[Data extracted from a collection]
*** Begin section ***

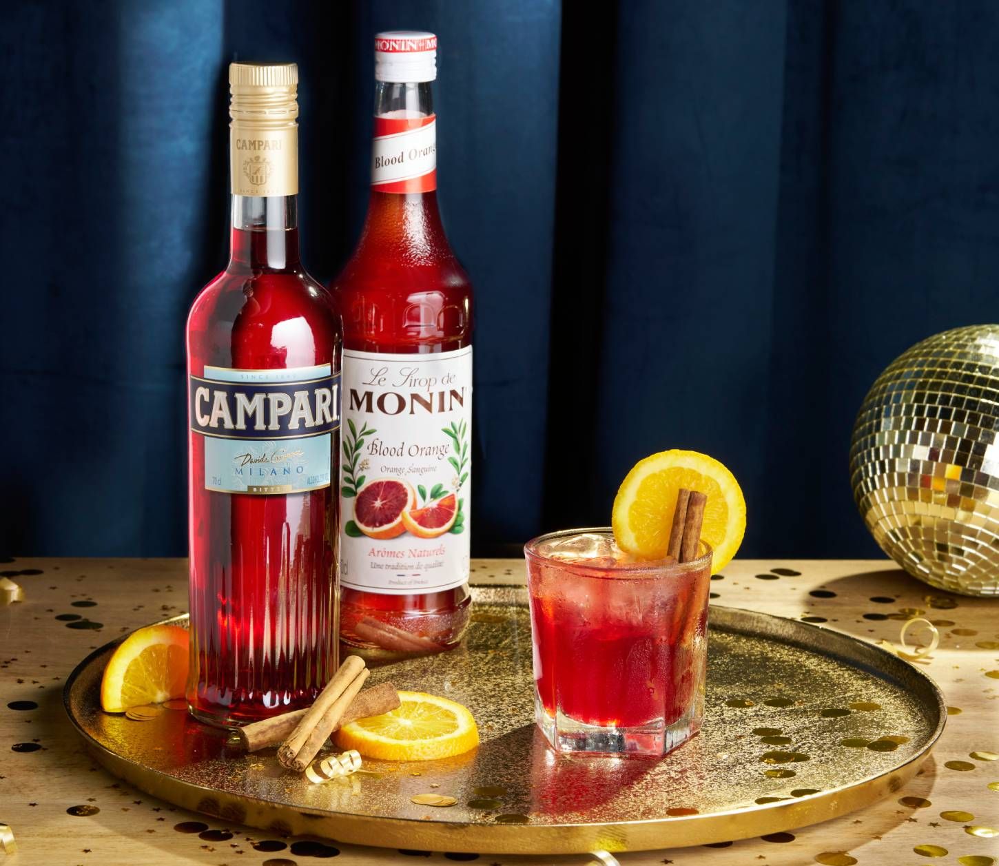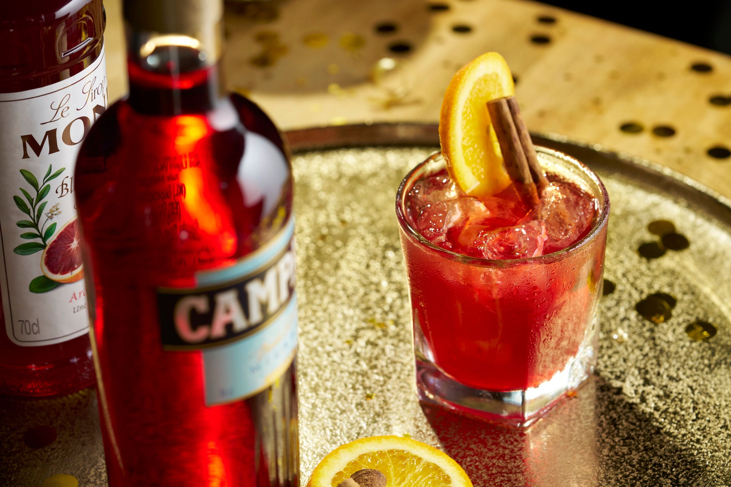 Equally rich in colour and flavour, our Ruby Refresher is a magical mix of Campari, Monin Blood Orange Syrup and cranberry juice, topped with soda water for a dash of fizz. Garnished with an orange wheel and a cinnamon stick to finish off this sparkling jewel.
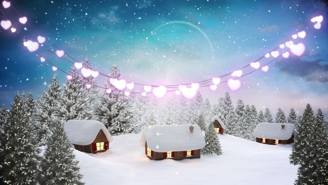 Idyllic winter landscape with cabins under gently falling snowflakes. Illuminated heart-shaped lights adorn scene, creating festive mood. Ideal for winter holiday greetings, celebratory event invitations, or romantic animated backgrounds.
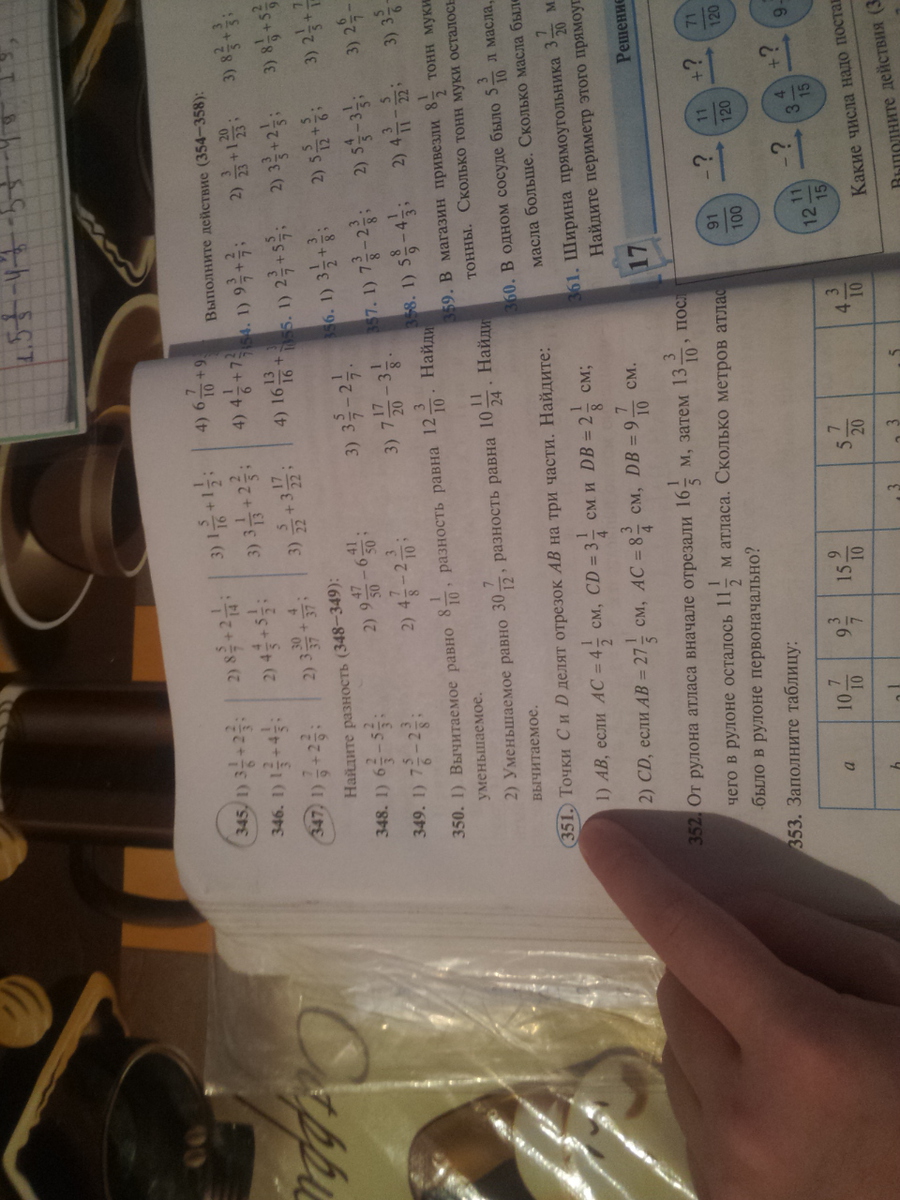 точки С и Д делят отрезок АВ на три части найдите АВ если АС= 4 1/ см. СД=3 1/4см и ДВ =2 1/8см. СД если АВ= 27 1/5 см. АС =8 3/4см. ДВ= 9 7/10см.
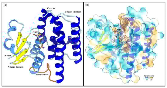 Global structure of LdGSTu1 (PDB ID: 7RKA). (a) Ribbon diagram of LdGSTu1 with GSH bound in the active site, showing secondary structural elements and the N-term and C-term domain structures. The N-term domain exhibits the thioredoxin-like fold (residues 1–77) and was complexed with GSH in chain A of the crystal structure. Helices are depicted in cornflower blue, coils in powder blue, and β-strands in yellow. The linker coil (residues 78–88) connecting the polypeptide of the N-term domain to the polypeptide of the C-term domain is depicted in orange. The C-term domain is mainly helical in nature, consisting of five α-helices (medium blue) with coils depicted in powder blue; (b) MLP surface diagram of LdGSTu1 monomer with bound GSH in active site. The color scale is cyan for most hydrophilic and passes through white to golden rod for most hydrophobic. In the active site the most hydrophilic location was the G-site with GSH bound and the most hydrophobic region of the active site was the H-site on the C-term side of the active site. The red and purple dashed lines outline the G-site and H-site, respectively.
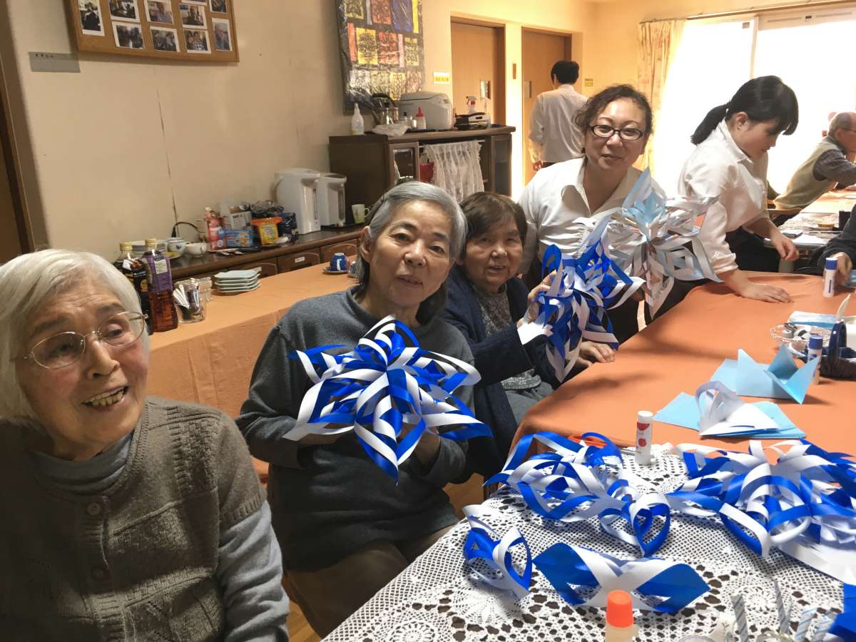 みんなの家・与野鈴谷にはいろいろな趣味や特技を持った職員がおりまして、その中でも折り紙上手な二人の職員が担当させていただきました。
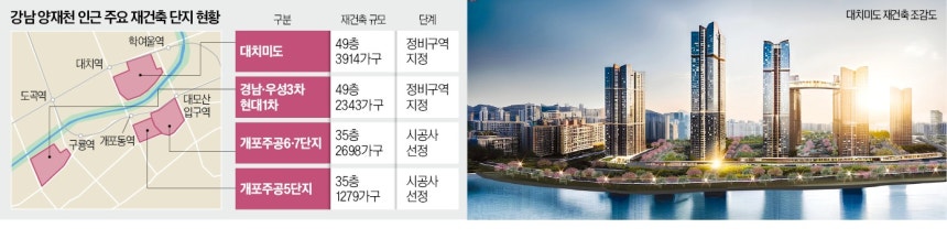 "학군·교통 좋고 주거환경도 쾌적"양재천과 접한 서울 강남구 대치동과 개포동 일대 노후 단지의 재건축 사업에 속도가 붙고 있다. 대치미도와 개포경남·우성3차·현대1차(경우현) 등 대단지들이 최근 인허가 첫 관문을 넘었고, 양재천 이남의 개포주공 5~7단지는 시공사 선정도 마쳤다. 탄탄한 교통·생활 인프라에다 쾌적한 주거 환경까지 갖춘 ‘양재천 벨트’가 강남권의 새로운 부촌으로 떠오르고 있다.
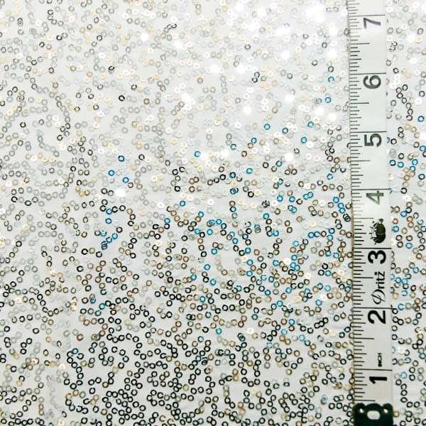 White/silver Zsa Zsa is a sequin embroidery design on a 4 way stretch circular knit. 92% Poly 8% Spandex. 425 / GLY 49/50″ wide.
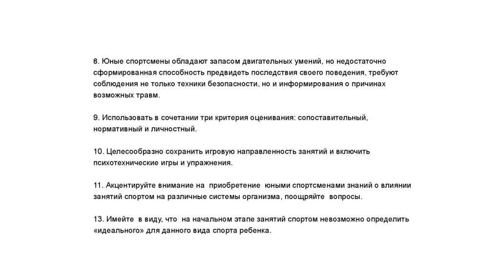 8. Юные спортсмены обладают запасом двигательных умений, но недостаточносформированная способность предвидеть последствия своего поведения, требуют
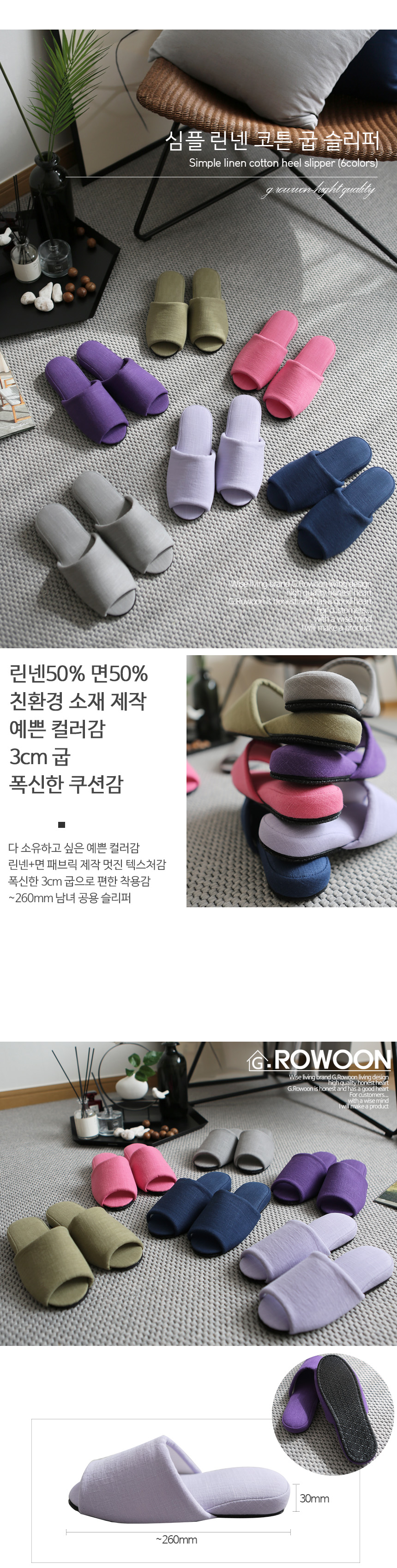 ?[ 친환경 린넨 면 제작 / 층간소음완화 / 예쁜 컬러감 / 사무실 거실 실내화 / 3cm 굽 폭신한 쿠션감 / 6컬러 / ~260mm 남녀공용 / 물세탁가능 ]
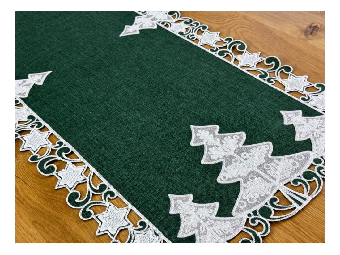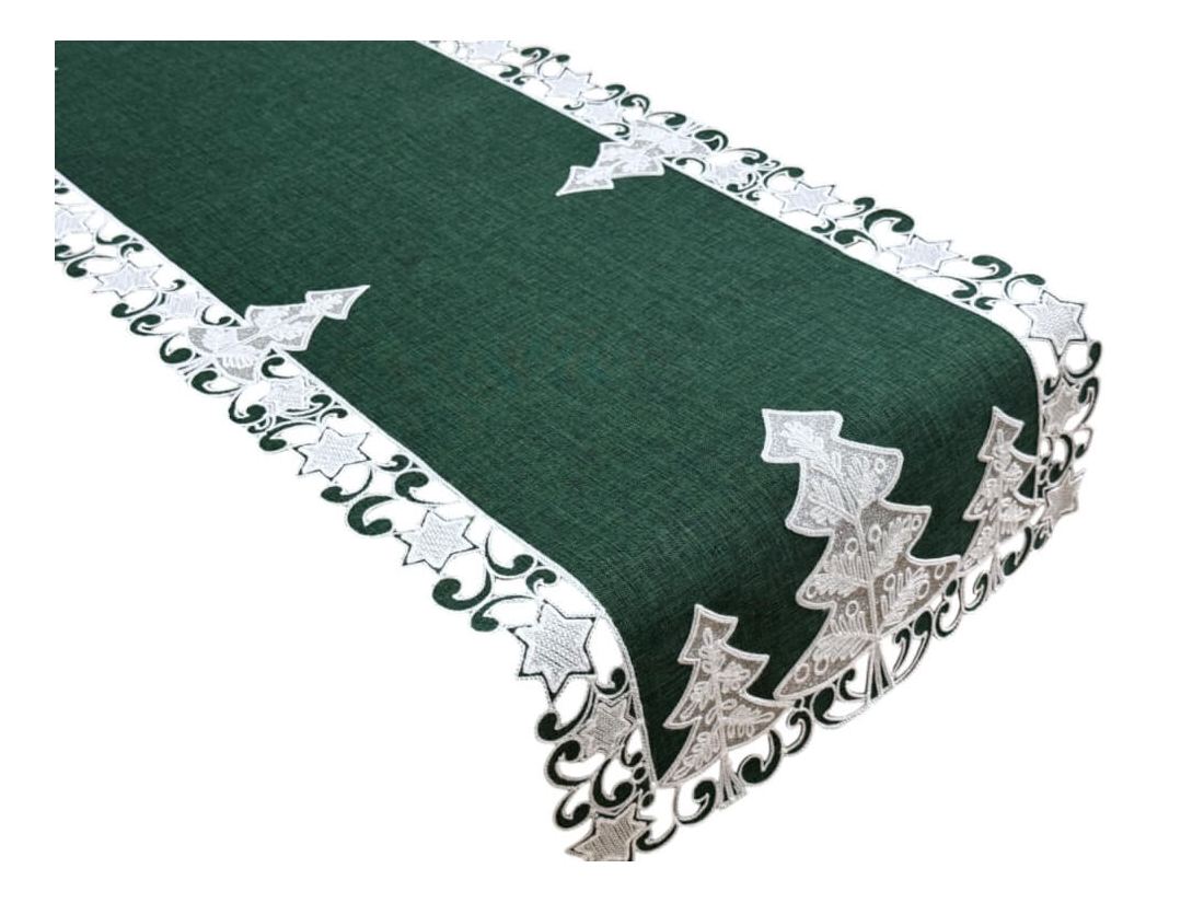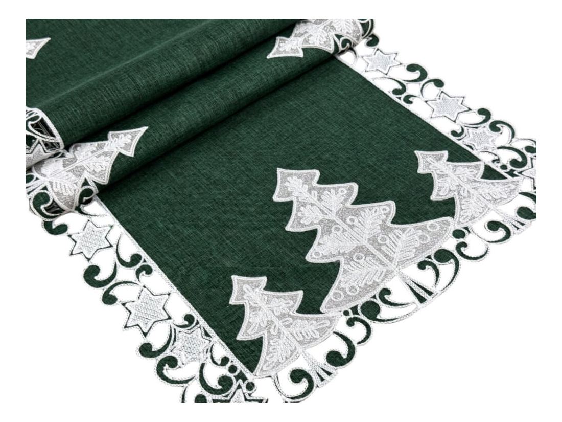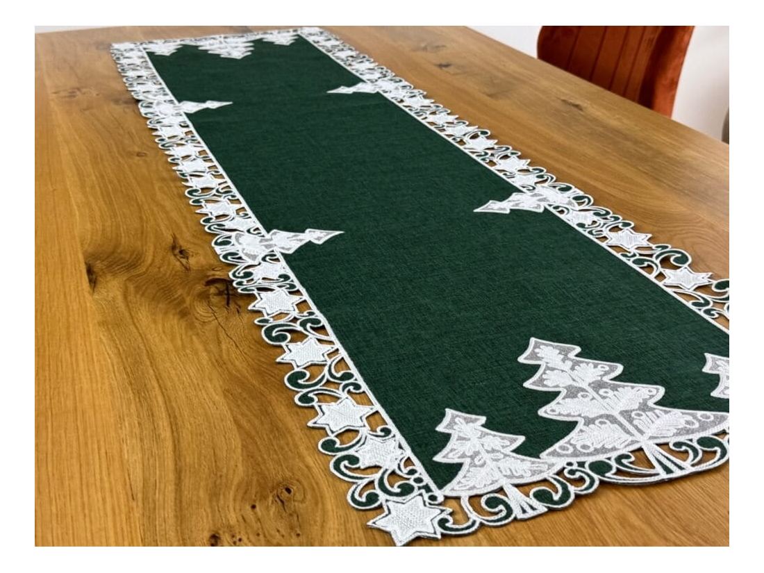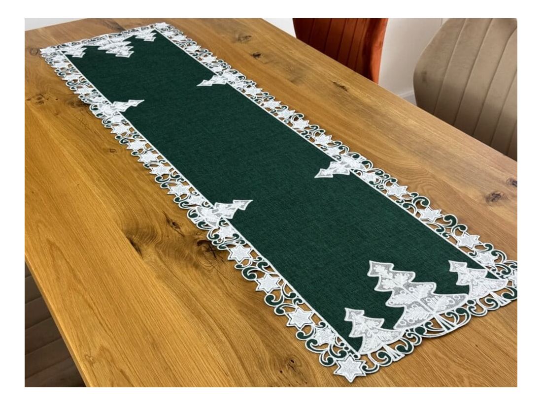 Bieżnik wyróżnia się głębokim, intensywnie zielonym kolorem, symbolizującym świąteczną radość i ciepło rodzinnych chwil. Centralnym motywem dekoracyjnym są aplikacje w kształcie choinek, które pięknie połyskują srebrzystymi refleksami, przyciągając wzrok i dodając blasku każdemu wnętrzu. Dzięki srebrnym akcentom, bieżnik prezentuje się elegancko zarówno w świetle dziennym, jak i przy wieczornym oświetleniu, stając się idealnym tłem dla bożonarodzeniowej zastawy i świec.
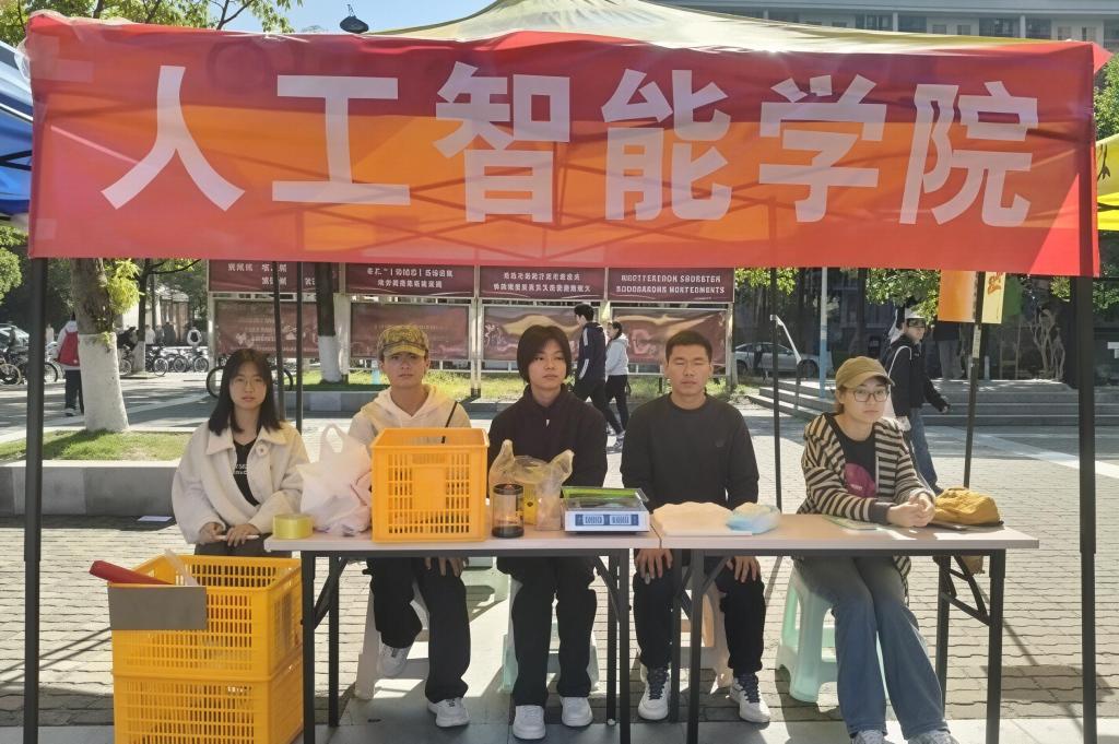 汀香园食堂门口的“人工智能学院摊位”成为校园里的一道温暖风景。我院志愿者分工协作,补给、打包、销售井然有序。首日砂糖橘两小时售出大半,全天售出近百斤。志愿者现卖现补、严控品质,师生踊跃购买、线上订单及时配送,共同助力我院在大赛中取得佳绩。
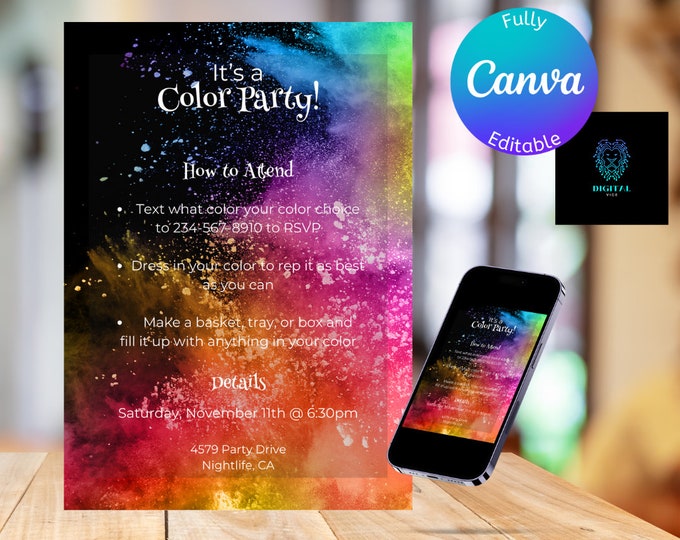 Editable Color Party Invitation, Rainbow Party, Adult Party Invite ...
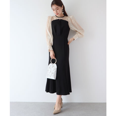 目を惹くドット柄とマーメイドシルエットのワンピースをドッキングしたロング丈パーティードレス。

*** End section ***

If pictures appear among the records, do not carry them over; retype the rest exactly.

 Equally rich in colour and flavour, our Ruby Refresher is a magical mix of Campari, Monin Blood Orange Syrup and cranberry juice, topped with soda water for a dash of fizz. Garnished with an orange wheel and a cinnamon stick to finish off this sparkling jewel.
 Idyllic winter landscape with cabins under gently falling snowflakes. Illuminated heart-shaped lights adorn scene, creating festive mood. Ideal for winter holiday greetings, celebratory event invitations, or romantic animated backgrounds.
 точки С и Д делят отрезок АВ на три части найдите АВ если АС= 4 1/ см. СД=3 1/4см и ДВ =2 1/8см. СД если АВ= 27 1/5 см. АС =8 3/4см. ДВ= 9 7/10см.
 Global structure of LdGSTu1 (PDB ID: 7RKA). (a) Ribbon diagram of LdGSTu1 with GSH bound in the active site, showing secondary structural elements and the N-term and C-term domain structures. The N-term domain exhibits the thioredoxin-like fold (residues 1–77) and was complexed with GSH in chain A of the crystal structure. Helices are depicted in cornflower blue, coils in powder blue, and β-strands in yellow. The linker coil (residues 78–88) connecting the polypeptide of the N-term domain to the polypeptide of the C-term domain is depicted in orange. The C-term domain is mainly helical in nature, consisting of five α-helices (medium blue) with coils depicted in powder blue; (b) MLP surface diagram of LdGSTu1 monomer with bound GSH in active site. The color scale is cyan for most hydrophilic and passes through white to golden rod for most hydrophobic. In the active site the most hydrophilic location was the G-site with GSH bound and the most hydrophobic region of the active site was the H-site on the C-term side of the active site. The red and purple dashed lines outline the G-site and H-site, respectively.
 みんなの家・与野鈴谷にはいろいろな趣味や特技を持った職員がおりまして、その中でも折り紙上手な二人の職員が担当させていただきました。
 "학군·교통 좋고 주거환경도 쾌적"양재천과 접한 서울 강남구 대치동과 개포동 일대 노후 단지의 재건축 사업에 속도가 붙고 있다. 대치미도와 개포경남·우성3차·현대1차(경우현) 등 대단지들이 최근 인허가 첫 관문을 넘었고, 양재천 이남의 개포주공 5~7단지는 시공사 선정도 마쳤다. 탄탄한 교통·생활 인프라에다 쾌적한 주거 환경까지 갖춘 ‘양재천 벨트’가 강남권의 새로운 부촌으로 떠오르고 있다.
 White/silver Zsa Zsa is a sequin embroidery design on a 4 way stretch circular knit. 92% Poly 8% Spandex. 425 / GLY 49/50″ wide.
 8. Юные спортсмены обладают запасом двигательных умений, но недостаточносформированная способность предвидеть последствия своего поведения, требуют
 ?[ 친환경 린넨 면 제작 / 층간소음완화 / 예쁜 컬러감 / 사무실 거실 실내화 / 3cm 굽 폭신한 쿠션감 / 6컬러 / ~260mm 남녀공용 / 물세탁가능 ]
 Bieżnik wyróżnia się głębokim, intensywnie zielonym kolorem, symbolizującym świąteczną radość i ciepło rodzinnych chwil. Centralnym motywem dekoracyjnym są aplikacje w kształcie choinek, które pięknie połyskują srebrzystymi refleksami, przyciągając wzrok i dodając blasku każdemu wnętrzu. Dzięki srebrnym akcentom, bieżnik prezentuje się elegancko zarówno w świetle dziennym, jak i przy wieczornym oświetleniu, stając się idealnym tłem dla bożonarodzeniowej zastawy i świec.
 汀香园食堂门口的“人工智能学院摊位”成为校园里的一道温暖风景。我院志愿者分工协作,补给、打包、销售井然有序。首日砂糖橘两小时售出大半,全天售出近百斤。志愿者现卖现补、严控品质,师生踊跃购买、线上订单及时配送,共同助力我院在大赛中取得佳绩。
 Editable Color Party Invitation, Rainbow Party, Adult Party Invite ...
 目を惹くドット柄とマーメイドシルエットのワンピースをドッキングしたロング丈パーティードレス。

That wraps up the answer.